PROBLEM TO SOLVE: Nothing but an exact copy is asked for: the lines in the material below from the one with "5. The fuel" through the one with "對于建筑立面氣質(zhì)的", pictures excluded.
*** ENTRIES SHOWN ***
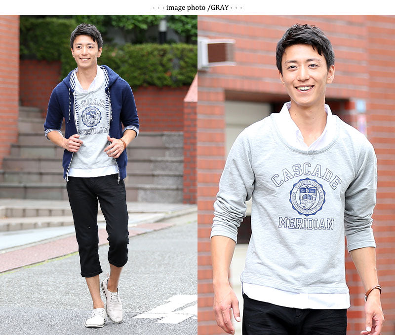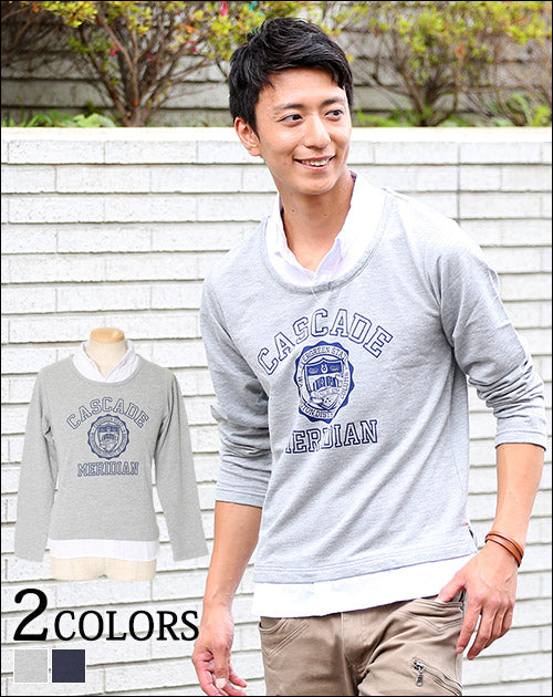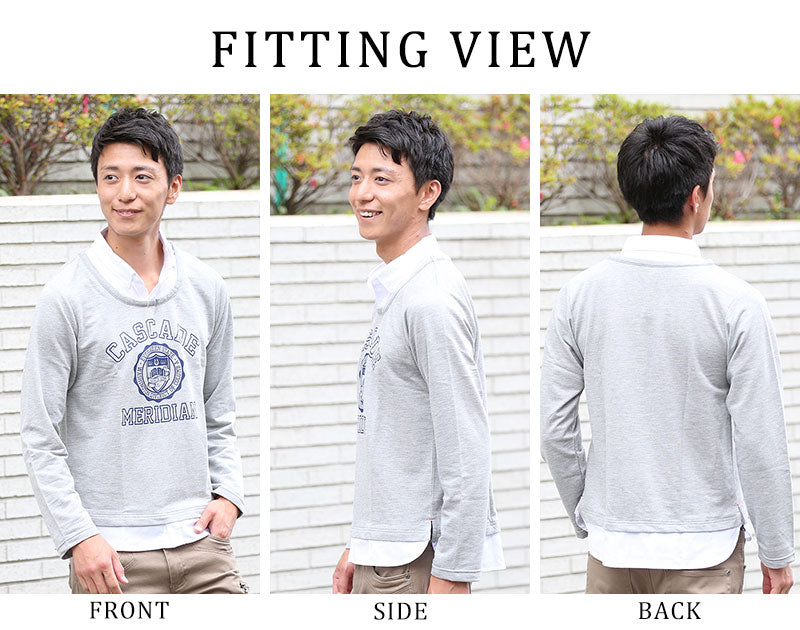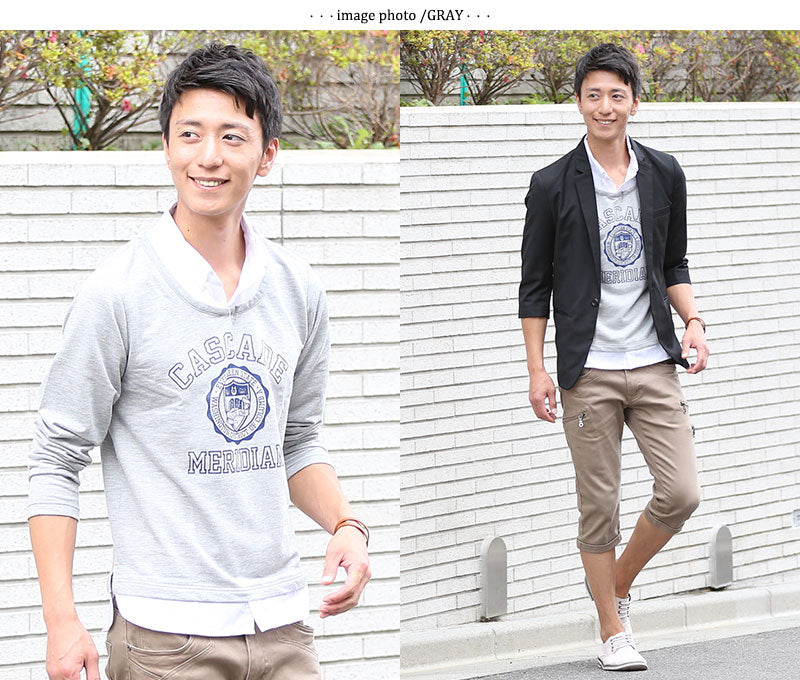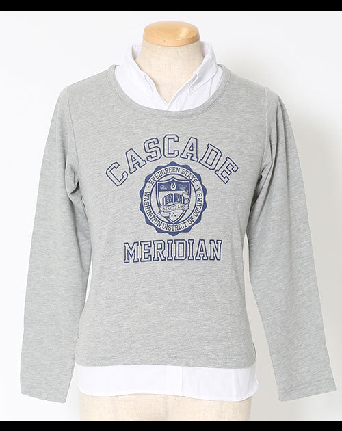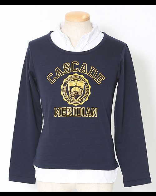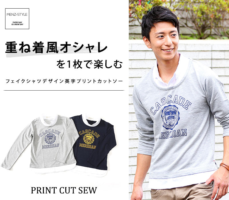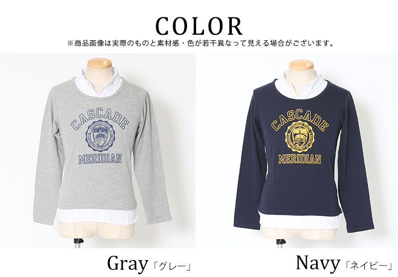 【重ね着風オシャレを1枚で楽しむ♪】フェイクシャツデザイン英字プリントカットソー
*** End of ENTRIES SHOWN ***
*** ENTRIES SHOWN ***
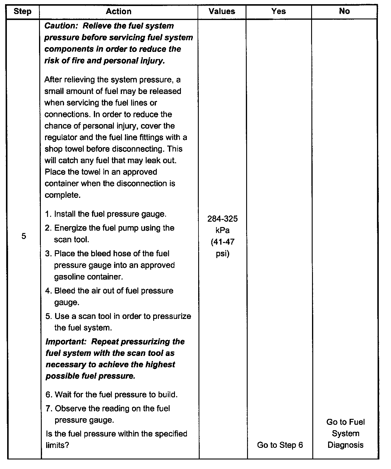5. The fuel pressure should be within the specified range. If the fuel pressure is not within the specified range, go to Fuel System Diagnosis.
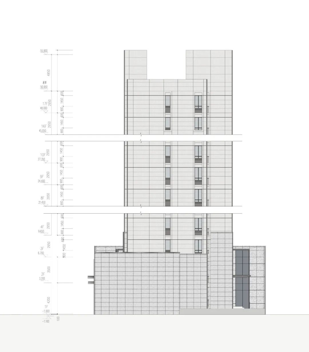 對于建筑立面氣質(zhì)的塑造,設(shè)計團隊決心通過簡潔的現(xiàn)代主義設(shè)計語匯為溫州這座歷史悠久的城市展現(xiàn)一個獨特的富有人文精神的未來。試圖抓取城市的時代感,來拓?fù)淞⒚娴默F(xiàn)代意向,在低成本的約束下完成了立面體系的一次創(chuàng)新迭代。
*** End of ENTRIES SHOWN ***
OUTPUT FOR THIS EXERCISE:
5. The fuel pressure should be within the specified range. If the fuel pressure is not within the specified range, go to Fuel System Diagnosis.
 對于建筑立面氣質(zhì)的塑造,設(shè)計團隊決心通過簡潔的現(xiàn)代主義設(shè)計語匯為溫州這座歷史悠久的城市展現(xiàn)一個獨特的富有人文精神的未來。試圖抓取城市的時代感,來拓?fù)淞⒚娴默F(xiàn)代意向,在低成本的約束下完成了立面體系的一次創(chuàng)新迭代。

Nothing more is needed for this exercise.